Untitled (101), ink on paper, 2008, 4" x 5"

“Saccade Works” by Patrick Keesey

“If a bird were to paint would it not be by letting its feathers fall, a snake by casting off its scales, a tree by letting fall its leaves?” (1) And a human being, what falls when a speaking body paints? Patrick Keesey’s drawings and paintings, created in a neuroscientific-like manner and exhibited in a clinical context (2), may be considered as an answer to this question.

What a hand lays down with a pen, or a brush, is ink, and in Keesey’s drawings shellac-based motley-colored knots of it – sorrels and peats, auburns and roans, hazels and indigos – dirty deposits analogous to the excreta that drops naturally from the body. Yet the art-historical axiom doesn’t sufficiently account for the emphasis on vision in Keesey’s technique, his desire to trace the ways by which the eye apprehends, examines, or devours the world.
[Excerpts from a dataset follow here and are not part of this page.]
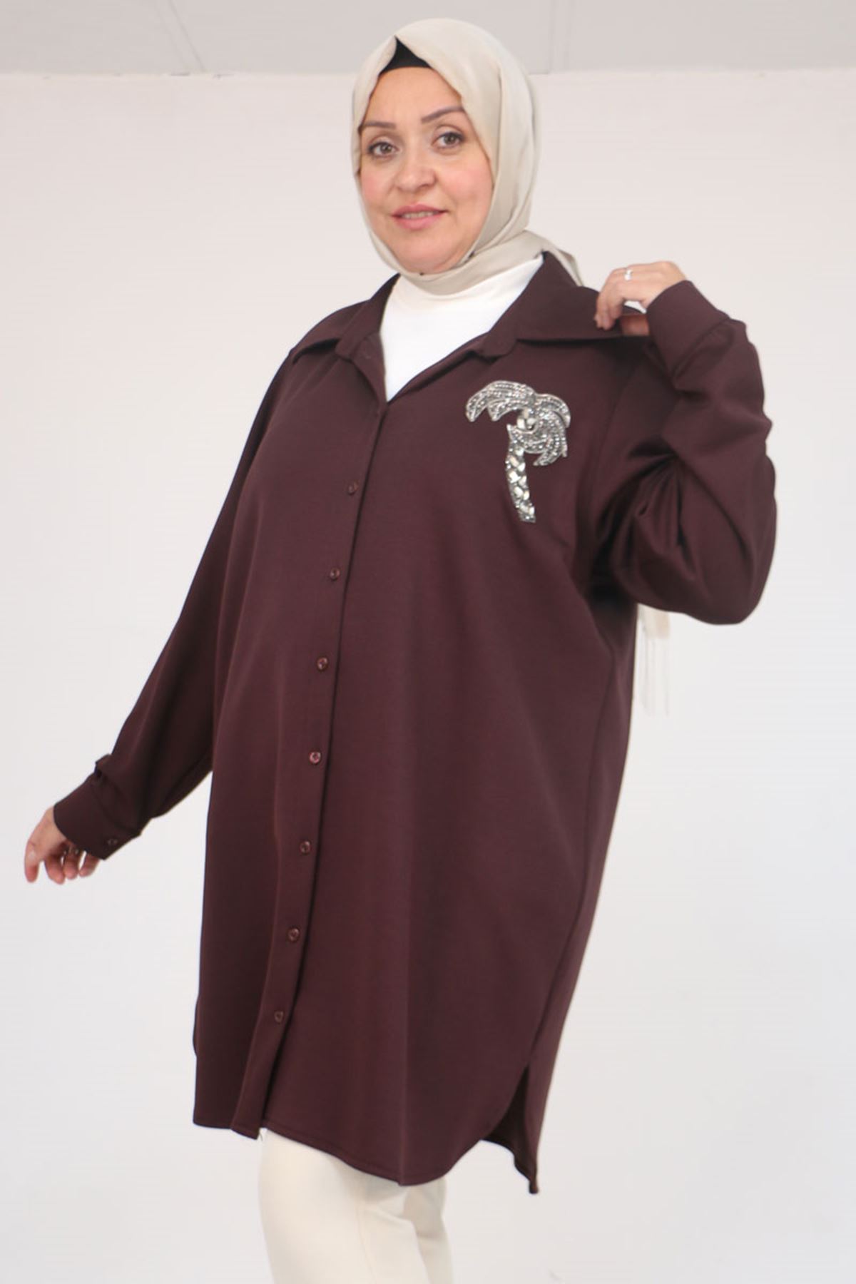 58126 Büyük Beden Düğmeli Aksesuar Detaylı Modal Tunik - Kahve
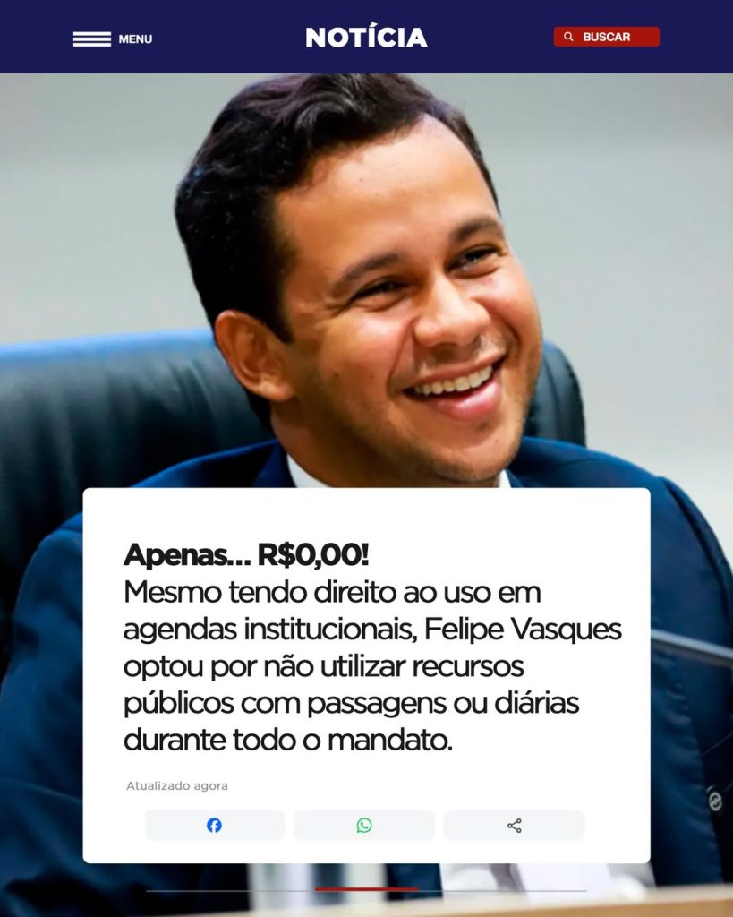 Felipe Vasques reforçou que a decisão foi tomada como demonstração de responsabilidade com o dinheiro público e compromisso com a população, defendendo que a gestão deve ser pautada pelo exemplo.
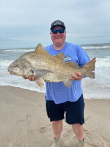 Officer Mike Dzurnak fished the Assateague Surf today and landed this very nice 31″ black drum on a sand flea / Fishbites combo on a fish finder rig.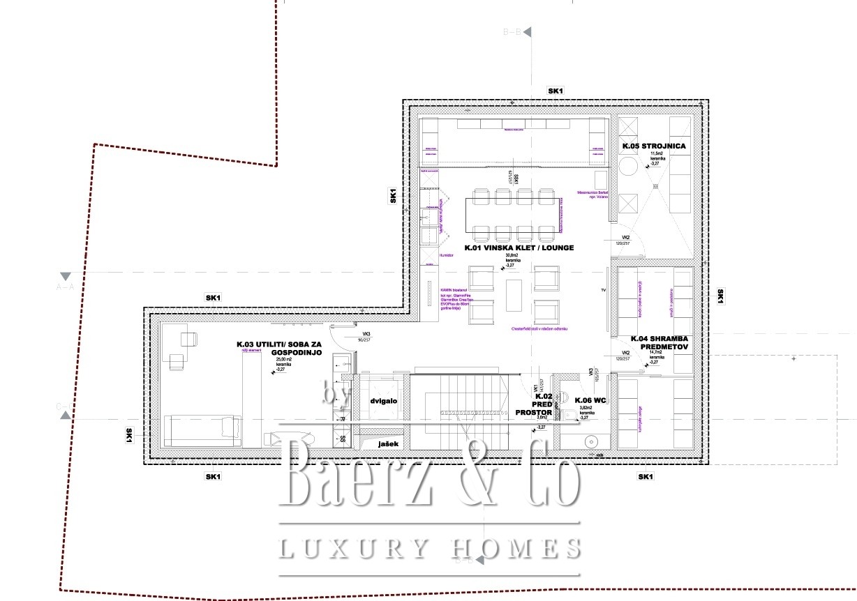 Villa Ljubljana, te koop in het gewilde hart van Rožna Dolina, biedt een zeldzame samensmelting van ruimte, licht en mogelijkheden. Deze eigentijdse villa op een perceel van 824 m² combineert moderne architectuur met royale proporties, hoge plafonds, panoramische ramen en een totale woonoppervlakte van 446,27 m². Verdeeld over vier verdiepingen—souterrain, begane grond, eerste verdieping en zolder—heeft elke ruimte een balans tussen privacy en openheid. De eerste verdieping beslaat 132,82 m², de begane grond 151,63 m², de zolder 72,40 m² en het souterrain 89,42 m², waardoor elke zone flexibel kan worden ingericht als woon-, sociaal of wellnessdomein naar persoonlijke voorkeur.

Nor does the traditional art cliché account for what else ultimately falls in the process.

Simultaneously seeing and seen, the speaking being, which “wants to be”, will ask how do I look? Keesey answers with art, qua science, by first considering the operation of the eye itself, the organ and its function. A saccadic motion is a series of rapid movements of a mechanical device or the body, for example the eye, head, or hand. Keesey draws by indifferently scanning an object in his environment, his hand approximating the erratic lines by which his eyes travel. Never stopping to aesthetically assess the results, Keesey doesn’t render an object in space so much as index or “capture” it.

Yet something else insinuates to make the cumulative marks, the “data”, made through research-like studies, art and not exactly science. Keesey’s works allude to something undetectable by strictly visual or empirical phenomena that escapes science. It is this phantom dimension that seems to captivate or fascinate him, as in fascinum – the voracious or evil eye, that which has the effect of arresting movement and killing life. Apperceived by the artist, permeating the observable world, is the gaze, “deriving”(3) there. The gaze is the specular realm in which the subject is immersed, seen from every point except the one from where he sees. Sight and the gaze do not correspond. “You never look at me from the place I see you. Conversely, what I look at is never what I wish to see.”(4)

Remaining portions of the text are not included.